As expected, I thoroughly enjoyed my time at Holbox. The food was pretty much spot on, and you could certainly taste the quality of the product used, which was a cut above the norm for sure. I think it's safe to say that this is certainly one of the premier mariscos places in the Southland, if not the premier.


Anonymous Anonymous said...

$12 for two tacos? I cannot support this dining establishment.

Sunday, May 20, 2018 4:49:00 PM  
Anonymous Anonymous said...

Bet you had a much better lunch than most people in the jury pool had that day.

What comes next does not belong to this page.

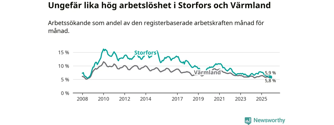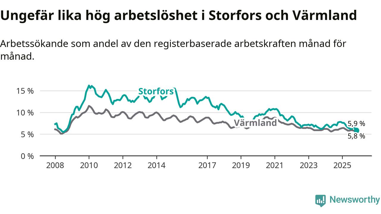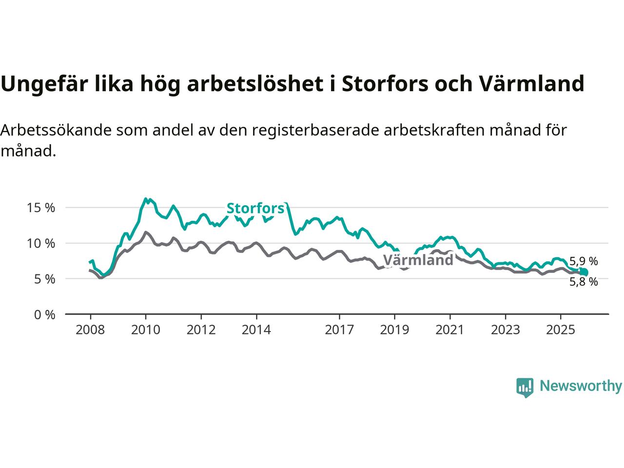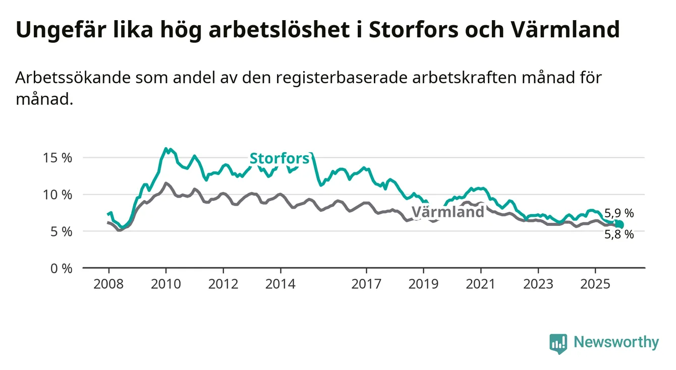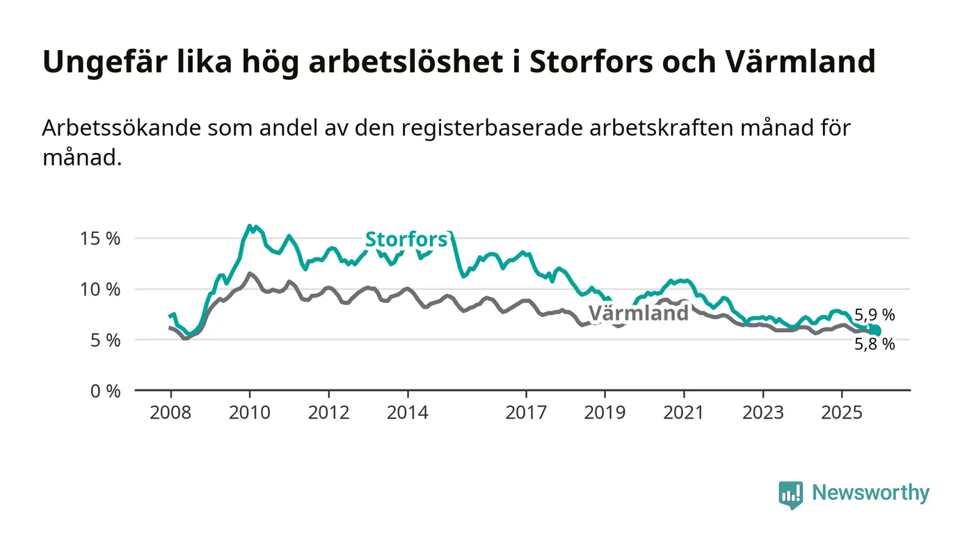 Under november månad rapporterade Storfors kommun en total arbetslöshet på 5,9 procent. Det är en minskning jämfört med samma tidpunkt i fjol (−1,9 procentenheter). Även i Värmlands län sjunker arbetslösheten .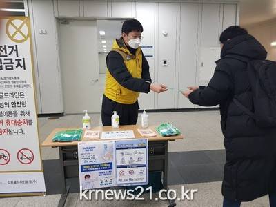 ▲ [출근 시간에 시민들에게 마스크를 나눠주고 있는 김포시청 철도과 직원들의 모습/김포시제공]신종 코로나바이러스 감염증(신종 코로나) 확산 방지를 위해 김포시가 도시철도 김포골드라인 역사에서 신종 코로나바이러스 예방을 위한 2월 7, 10일 이틀에 거쳐 이용객 마스크 착용 캠페인을 벌였다.

Monday, May 21, 2018 10:41:00 AM  
Anonymous Anonymous said...

Blood 'cockles' (not a clam)

Tuesday, May 22, 2018 2:37:00 PM  
Anonymous Anonymous said...

actually they are blood clams. cockles are of the asian variety, clams are found along baja and the sea of cortez, quite common in places like San Jose del Cabo and Cabo Pulmo

Wednesday, May 23, 2018 7:50:00 AM  
Anonymous Anonymous said...

Anonymous Anonymous said...
$12 for two tacos? I cannot support this dining establishment.

Why is it ok for an Italian restaurant to charge $12 for a grilled octopus appetizer, but not ok for a Mexican restaurant to charge $12 for two grilled octopus tacos? same amount of octopus. Is it that Mexican food should be cheaper? just because it's Mexican.